This report in Adelaide Now: http://www.news.com.au/adelaidenow/story/0,22606,23977671-5006301,00.html?from=public_rss
It's apparent that the Americans made a request to Australian authorities to test sarin gas in North Queensland in 1962. They wanted to test the results on "jungle foliage" and "personnel traversing". This jungle was in an area near Lockhart River, and the "personnel" were to be diggers, not GIs.
Harold Holt had the backbone to say "no". His reaction to getting the request must have been interesting.

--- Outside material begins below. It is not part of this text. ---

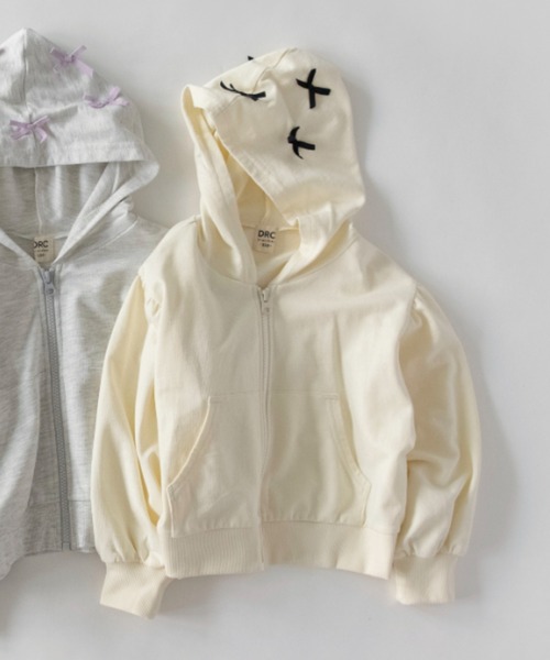 フードにたくさんリボンが付いたパーカーは

The testing was vetoed by then prime minister Harold Holt in 1966. Holt's former staffer Peter Bailey told Channel Nine the nerve gas plan had been considered by the Australian government and ministers were concerned that scuttling it could damage Canberra's relationship with the US. He said the ministers felt "if they weren't pretty good and pretty faithful to the Americans we would be dumped," he said.
With allies like these, it's a wonder we survived the last fifty years - although there are plenty of Vietnam Vets living the consequences of indiscriminate spraying of chemicals.
This historical thread of Australian service personnel being considered expendable by foreign regimes is woven through our national narrative. It can be seen as far back as the Boer war, and was at its height during the first world war.
Then there was Churchill's tendency to see Aussies as cannon fodder to protect British interests in Burma, rather than allowing them to return home to protect their homeland in the face of an invasion threat from the Japanese.
John Curtin and Harold Holt have something in common.